Court stared at her, just stared as he struggled to contain the bout of laughter he knew wasn't going to be held back. And as he laughed harder than he had in a long time he saw that Carrie had finally come to realize how her question could be interpreted if one chose to take it as such.
"Oh For Pete's Sake!" she muttered, trying hard not to laugh. "You remind me of my brothers with their minds in the gutter all the time. I just don't know how you have a conversation without going there with the least provocation."
Court just shook his head as he continued to chuckle. He didn't trust himself to say anything. Now of all times he was going to take his father's favorite escape and not say anything at all. These were the times when it was far too easy to fall further into a hole with no getting out.
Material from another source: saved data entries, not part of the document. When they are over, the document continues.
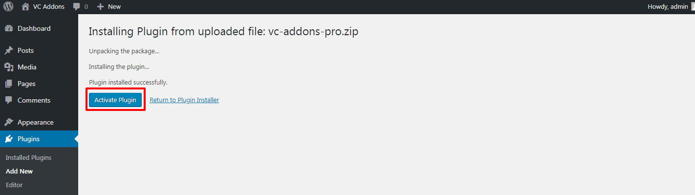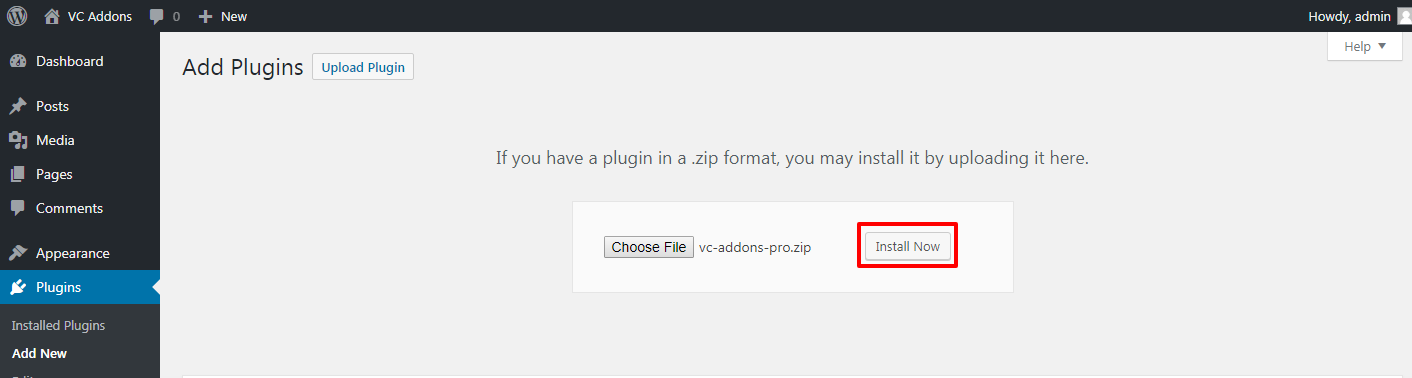 Go to your WP admin -> Plugins -> Add New -> Upload Plugin –> Choose file and select PageBuilderAddons.zip then click on install now. After Successfully installed Activate it.
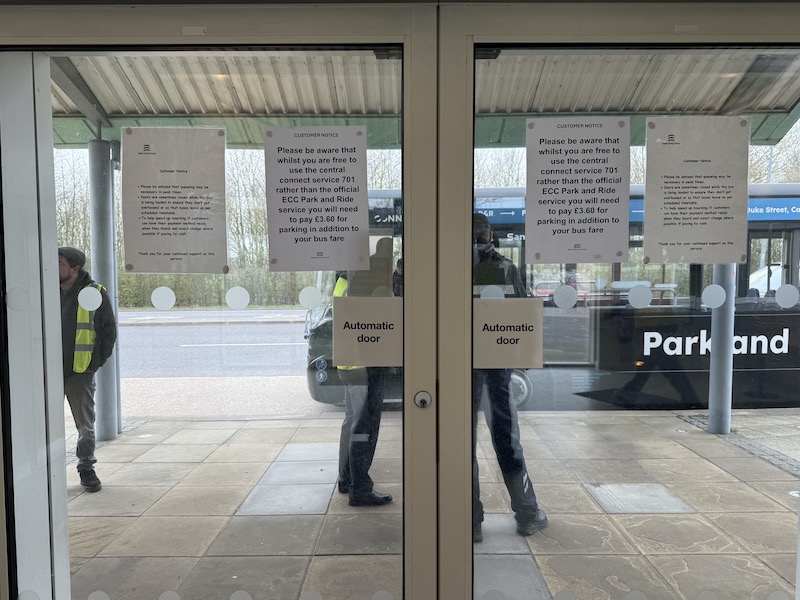 Central Connect proclaiming “we’re here to stay” is highly commendable, but that statement was issued prior to yesterday’s shenanigans when the County Council effectively as good as blocked passengers from using its buses. Yes, I know the notice says “you are free to use the central connect service 701” but, with the door to the bus stop effectively out of action – you have to manually force it open with two hands unless the Council staff member pushes a button – intending passengers are not really being given a free choice. And, the £3.60 extra charge is an outrageous tactic for a local authority to use against a bus company doing its best to provide a quality service for passengers.
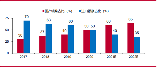 2017年起,國產(chǎn)銀漿市場份額加速提升,從2017年的20%,提升至2018年的35%-40%,到2020年的50%左右。2021年,國產(chǎn)漿料的市占率或達(dá)到60%以上。
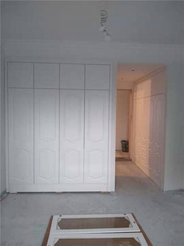 柜門基本安裝到位,接下來(lái)就是處理細(xì)節(jié)方面了,這就考驗(yàn)安裝師傅手藝的時(shí)候到了,
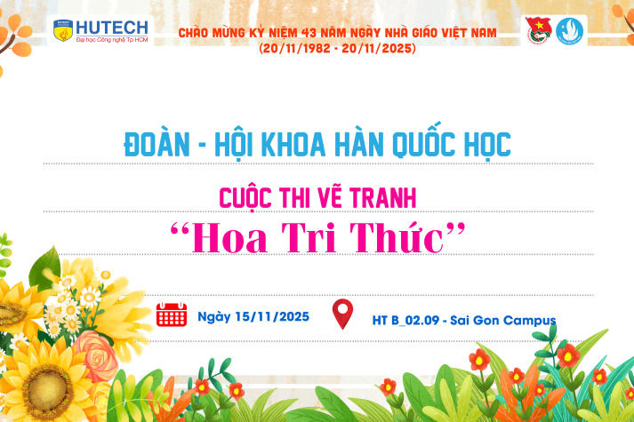 3 Cuộc thi vẽ tranh chào mừng ngày Nhà giáo Việt Nam 20/11, chủ đề “Hoa tri thức” do Khoa Hàn Quốc học tổ chức. Ngày 15/11 tại Sai Gon Campus.
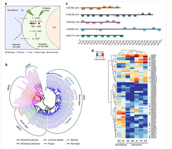 研究團隊獲得了海帶主要栽培品系的高質量基因組組裝結果,組裝大小為537 Mb,覆蓋了全基因組序列的98.5%,共有18,733個蛋白編碼基因。比較基因組學分析發現海帶基因組擴增主要源于基因家族的擴增,海帶與絲狀褐藻水云的祖先獲得1,240個基因家族,其中與細胞壁合成、鹵素代謝、發育與防御有關的基因家族出現明顯擴增。進一步的功能分析發現,褐藻膠合成關鍵酶甘露糖醛酸C-5差向異構酶及鹵素代謝關鍵酶鹵素過氧化物酶通過基因大量復制實現其功能分化。
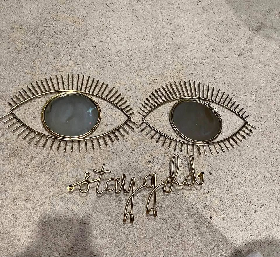 Gold Decor Set - 2 Eye Mirrors & 1 Decorative Hook
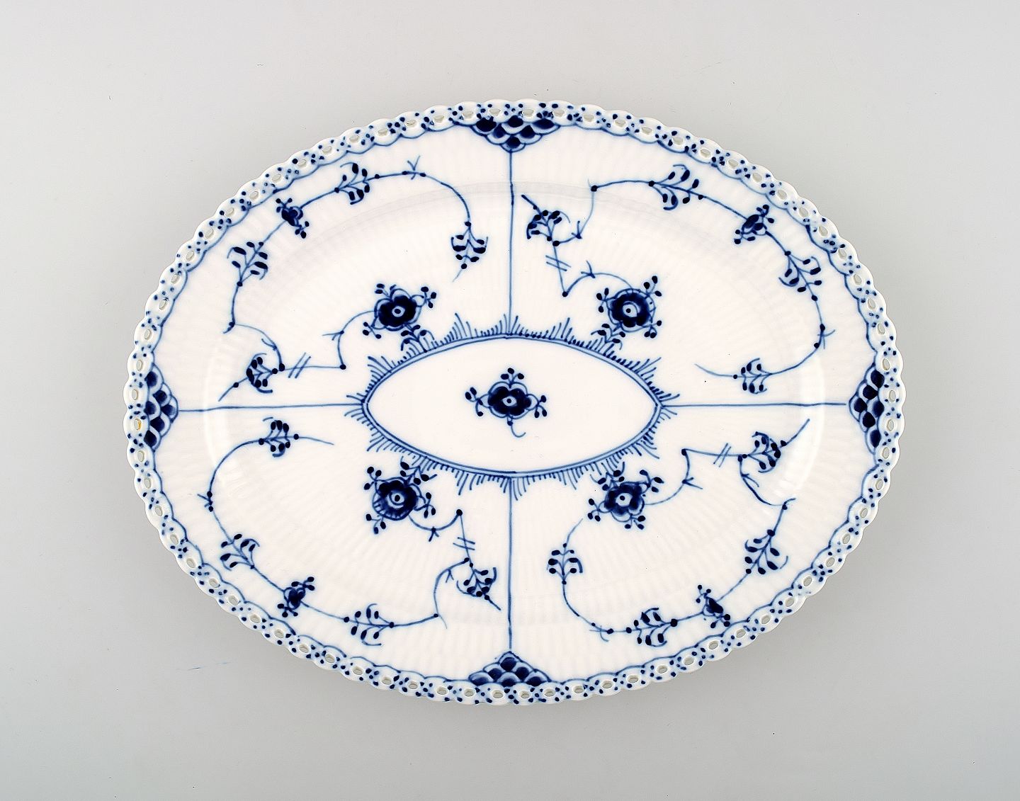 Royal Copenhagen/ Kongelig Musselmalet Helblonde, Aflangt Fad. Dekorationsnummer 1/1147 eller 374. Længde 29,5 cm. Bredde 23 cm. i perfekt stand. 2. sortering.

"Okay, I walked into that. I admit it." She shook her head wearily. How long had it been since she'd had this kind of easy conversation with a man and not been afraid of sounding stupid. "Could we go on to something else? Please."
"I'm sorry, that was uncalled for on my part." And damn funny too he thought to himself.
"Don't be sorry, not when I stepped into it the way I did." She tried not to be surprised
at his apology or embarrassed because she was blushing and knew it. And knew too that he couldn't help but notice it. "I've got brothers and more guy cousins that any woman should be saddled with so I'm used to it and should have expected your reaction."
Court reached out, took the hand that was fiddling and edgy on the table. "Carrie," he waited for her to look directly at him. "Do you really think I'd take that statement the same way from just any woman?" He watched the meaning of his statement sink in. "If anyone else had asked me what I was good at I might have mentioned that I like fiddling around on old vintage cars, or maybe that I still get pulled in by the old electric guitar my mom held on to for me long after I thought I was done with it because she knew better. I might even brag a little about how when the mood strikes that I'm a fairly decent cook." He gave the hand in his a slight squeeze. "And contrary to what you think, any thought I might have just had about me...and you...didn't come anywhere close to belonging in the gutter."
Carrie stared at the face before hers. "Jesus."
Court couldn't hold back the choked laughter at the sound of her disgruntled statement that sounded completely out of character for her. He glanced upward then at her. "I must be losing my touch if you feel a need for Him." He said as seriously as he could manage.
She closed her eyes. She hadn't wanted this. Hadn't asked for this. In all truthfulness it would have been the last thing on this green earth she would have expected to find in Burlington, Iowa. But here she was. Sitting at a table not even a month away from her final divorce papers being delivered with a man who made her feel as if she could have anything in the world just for the asking.
"Carrie?"
She looked at him. Understood what he was asking. And because she could do nothing else, told him her exact thoughts. "I'm sunk."
"Good." Court could see it too. And that she wasn't all too pleased about it either. "Because so am I."